Он вздохнул, вернулся в трактир пообедать и полез на скалы. Горы манили его с рождения. Каждый раз, глядя на дальние пики Знаменных гор к западу от Итанора, король испытывал странное головокружение; желание уподобиться птице и ощущать мир крохотной картинкой у себя под ногами росло и крепло в его сердце. Дрожа от нетерпения, он вскарабкался на первый уступ, но, обернувшись, увидел город, примостившийся в каменных ладонях отрогов, а за ним солнце, стремящееся к горизонту, — и сник.
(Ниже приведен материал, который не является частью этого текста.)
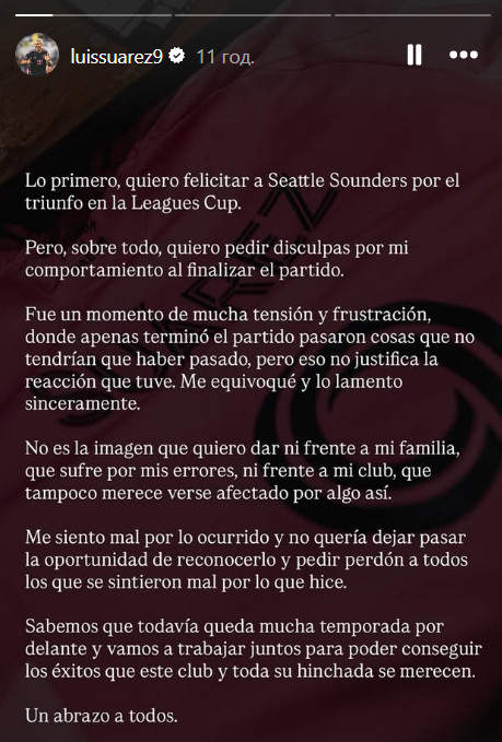 Это не тот образ, который я хочу создавать перед своей семьей, которая страдает из-за моих ошибок, и Интер Майами также не заслуживает того, чтобы это на него повлияло. Мне жаль того, что произошло, и я не хотел упустить эту возможность признать это и попросить прощения у всех, кто чувствовал себя плохо из-за того, что я сделал.

Потому что ломиться дальше означало опоздать на первое представление Санди. Смертельно оскорбить лучшего друга Денхольм не мог и с сожалением полез обратно.
На площади возле ратуши уже толпились жадные до зрелищ горожане. Лицедеи в последний раз проверяли свой нехитрый реквизит и переодевались. Денхольм протолкался в первый ряд и понял, что поспел вовремя: представление началось.
Весь вечер король простоял в странном тумане, мешавшем сосредоточиться на мастерски разыгранной пьеске, на плавных и нежных движениях рыжеволосой феи Лайсы, даже на головокружительных трюках Луиса Шенха, делающего сальто на скачущем верблюде… Король волновался за своего шута и с нетерпением ожидал заветного выхода. И вот наконец на подмостки выпрыгнул клоун в невероятно ярком костюме.
Толпа для затравки хихикнула. Она помнила вчерашний номер, она ждала падений, прыжков и танца маленькой обезьяны. Вместо этого клоун заговорил. Заговорил спокойно и буднично. Спросил о здоровье одного, второго… А как поживает ваша матушка, голубчик? А детишки? Не болеют?
Толпа молчала, пытаясь иногда криком или свистом подтолкнуть подвыпившего недотепу к привычным и смешным поступкам…
А клоун все говорил, прохаживаясь по сцене и спотыкаясь в больших — не по размеру — башмаках. Кто-то фыркнул в кулак, кто-то хлопнул по спине соседа… Король не выдержал первым и расхохотался в голос. За ним, утирая слезы, хохотали ремесленники и ткачихи, портные и пекари, смеялся, как сумасшедший, сам бургомистр… Звонко и заливисто хихикала Лайса, ей вторил басок Литту, дядюшка Менхэ беззвучно трясся, вытирая потную лысину…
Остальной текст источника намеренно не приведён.